In that scene Vera mocks and groans out of the inequality the country has put through and Lenka being the refugee personnel, it only gets worse. How a person takes the social situation in to their personal disaster is a mirror to every one cribbing about the social inefficiency used as an anger cushion. Vera is one such. Martin is a returning man seeing the life he left behind. He sees his mom who is unchanged in her humour but a different personality in other territories. He sees his lost love and new acceptance from a dad who has seen him as a disappointment in the past. Their story is a crucial commentary of the social system of the city and a family. It is controversial and questionable but works in its own way.

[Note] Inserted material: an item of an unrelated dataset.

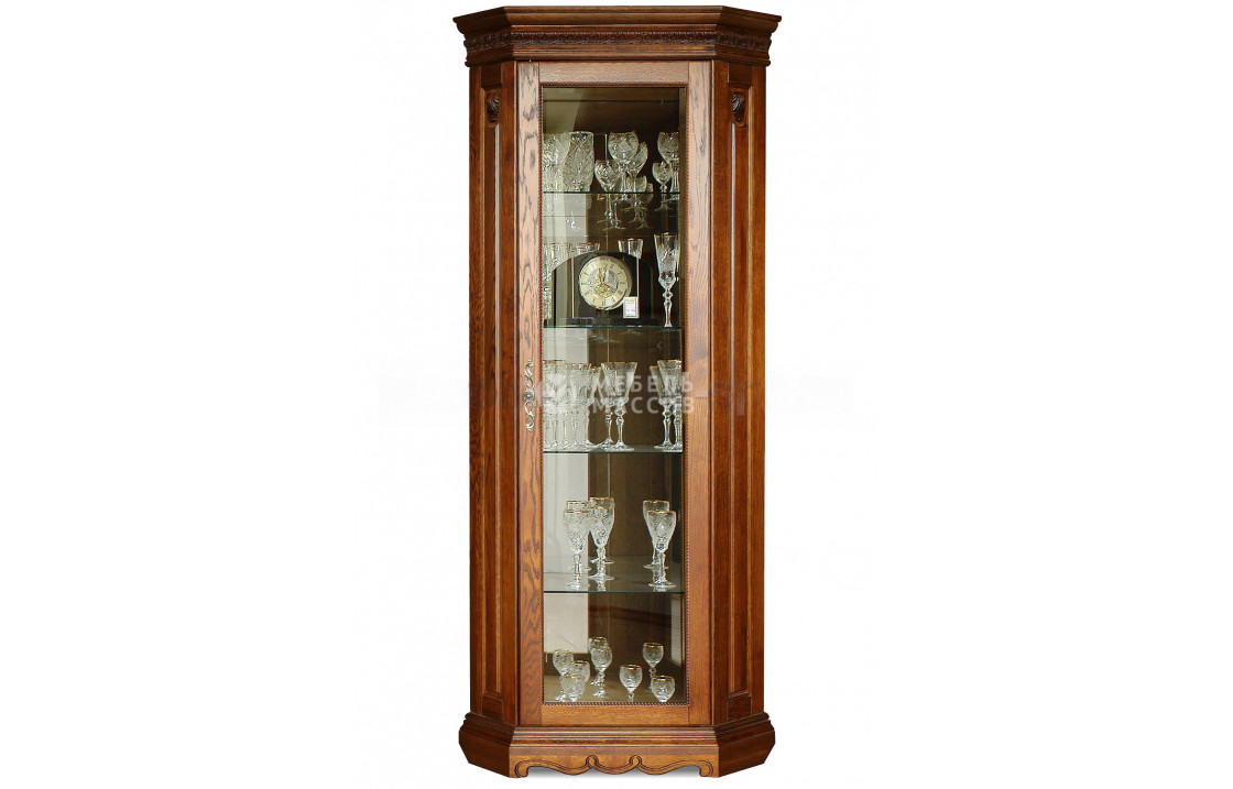 Сервант Милано со скошенными углами – шкаф для хранения праздничной посуды и прочих декоративных предметов. Благодаря форме корпуса он будет эргономично смотреться даже в маленьких помещениях. Внутри него находятся стеклянные полки, а также зеркало на стенке, подчеркивающее красоту содержимого и зрительно расширяющее пространство комнаты. Створка практически полностью застеклена, рамка исполнена из дерева, как и весь остальной корпус. Древесина отлично выносит нагрузки и прекрасно выглядит в любом цвете, который можно выбрать из каталога.| Размер | Цена | |

Around these are Mila (Natasa Burger) and Frantisek (Jirí Machácek), a couple living in low income and making their tiny family with a happiness they could afford. Frantisek is a security for a theme park. He is recovering from a football fanatic past which has stained his criminal record. Mila wants a child and she could not. Frantisek’s past denies their chance for adoption and Mila is desperate for a baby. Frantisek is clay model who can be pushed for anything. Mila has successfully kept him away from the dreaded influence of Colonel (Jaroslav Dusek), another super crazy fan trying to bully his buddy back to the field. Their story is the comedy ending in a tragedy we would not expect.
“Up and Down” is not an impressive film but something away from the ordinary. It is truthful in its characters and honest in the situations. Director Jan Hrebejk connects these people but not for an end or the fate of coincidences. He simply dissects the society the country currently is in. This is not a scale model of it but a depiction of the people affected by the change they perceive in several way which align similar as any other nation going through such a process. It travels from a certain point to another and does not pose a solution or a finish. It is a story of multitude of emotion which waves through it and makes to smile and then feel sad too.